= What is being asked =
Beginning at the line containing "Loa GUINNESS GX-305", give again every line through the end of the data, unchanged and with both ends included. Drop any pictures.

Start of Data segment

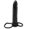 Double your pleasure and double the fun…with this strap-on dildo two’s better than one! The silicone ring on the top of the shaft acts as a performance-enhancing cock ring, while the larger bottom ring loops around his balls for a super-tight squeeze. You instantly become twice the man you were before, thanks to a smooth silicone shaft underneath that’s ready to double the trouble.
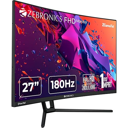 109 reviews for ZEBRONICS New Launch N27B 27″(68.5 cm) 1500R Curved Gaming Monitor, FHD 1920×1080, Antiglare Display, 300Nits, 180Hz, 1ms MPRT, HDR10, 99% sRGB, Adaptive Sync, 1 x DP | 1 x HDMI | 1 x 3.5mm
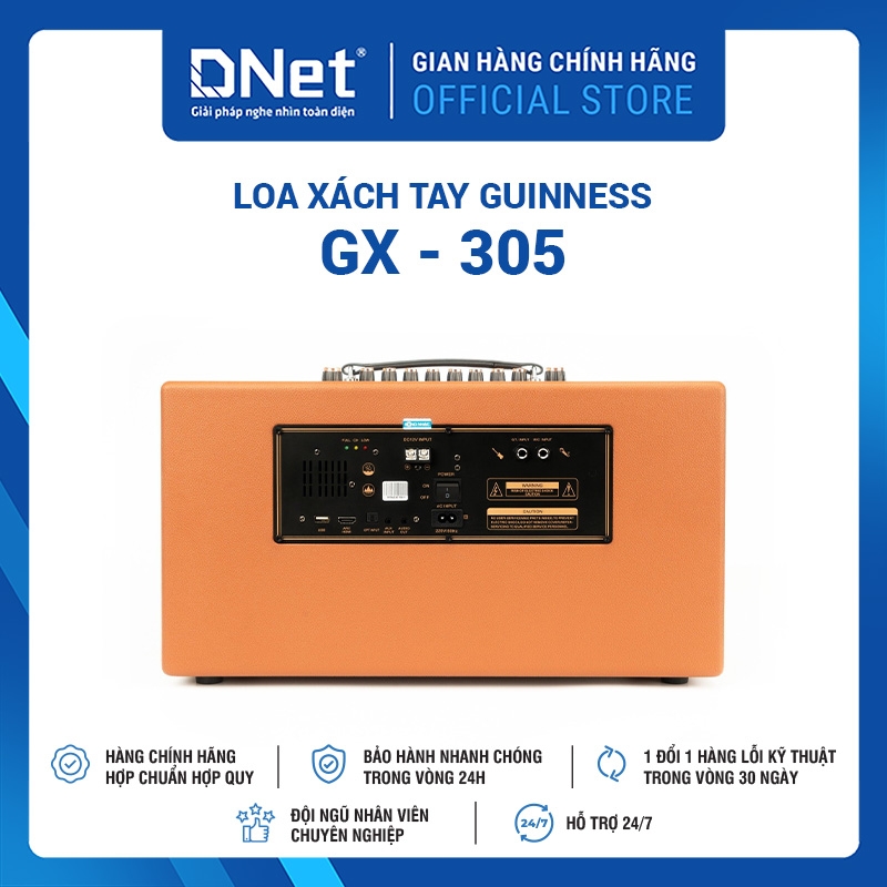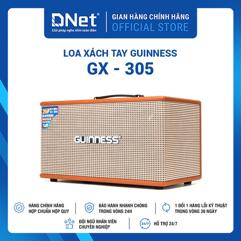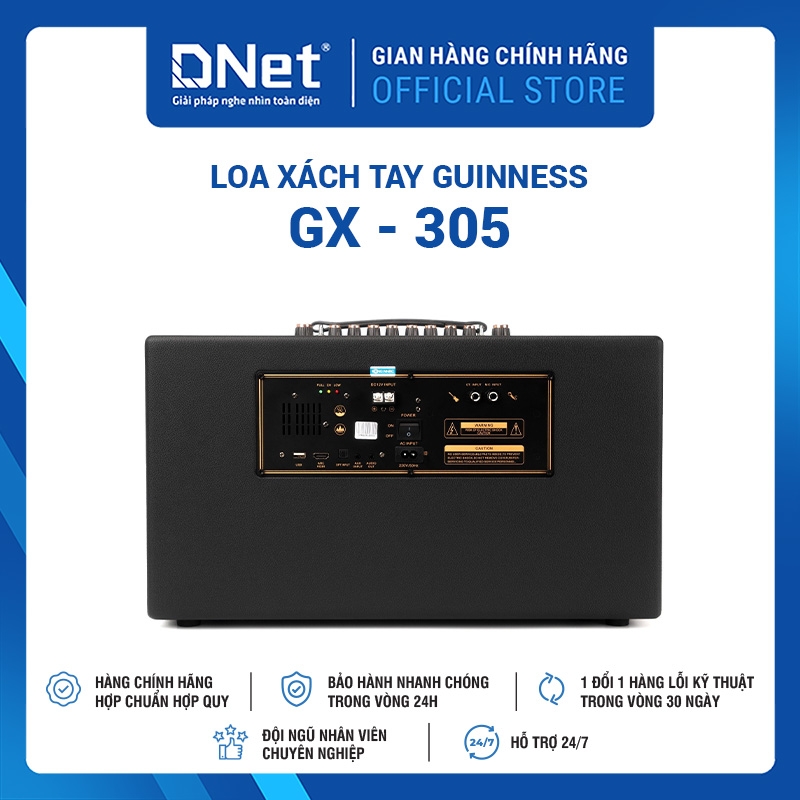 Loa GUINNESS GX-305 hoạt động với công suất thực 100W, âm thanh toàn dải nhờ cấu trúc 2 củ bass và 2 củ loa treble, mang lại chất lượng âm thanh chuyên nghiệp. Sử dụng pin sạc tiện lợi và kết nối Bluetooth 5.2.
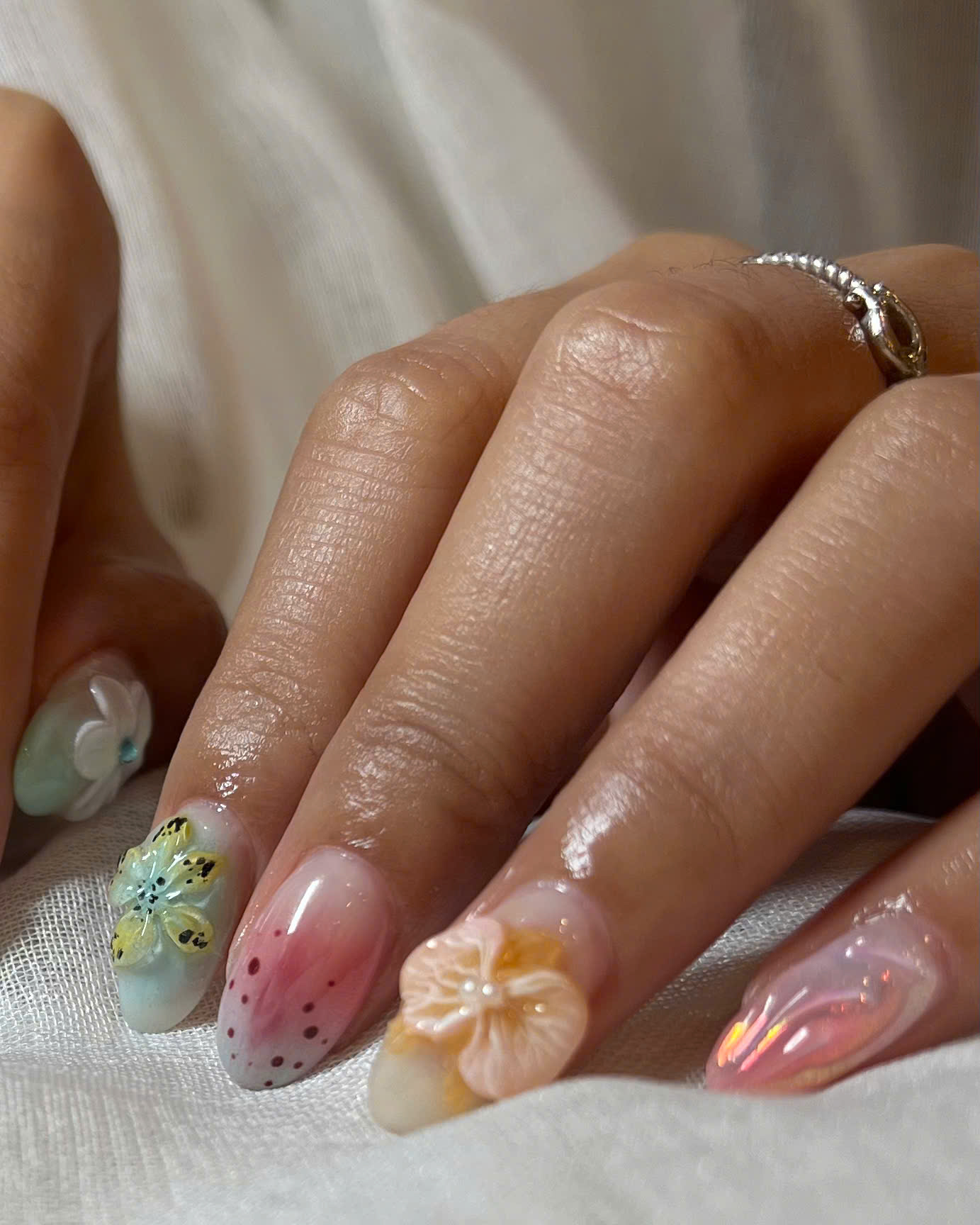 In recent years, this nail service has become extremely popular. With this technique, we embed mother-of-pearl pieces onto fingernails and toenails in visually appealing and attractive designs. Mother-of-pearl accessories are widely used in nail decoration, available in various sizes and types, including shell flakes and stone shell pieces. With a touch of creativity, we create artistic masterpieces on our customers’ nails.

End of Data segment

= Reply to the task =
 Loa GUINNESS GX-305 hoạt động với công suất thực 100W, âm thanh toàn dải nhờ cấu trúc 2 củ bass và 2 củ loa treble, mang lại chất lượng âm thanh chuyên nghiệp. Sử dụng pin sạc tiện lợi và kết nối Bluetooth 5.2.
 In recent years, this nail service has become extremely popular. With this technique, we embed mother-of-pearl pieces onto fingernails and toenails in visually appealing and attractive designs. Mother-of-pearl accessories are widely used in nail decoration, available in various sizes and types, including shell flakes and stone shell pieces. With a touch of creativity, we create artistic masterpieces on our customers’ nails.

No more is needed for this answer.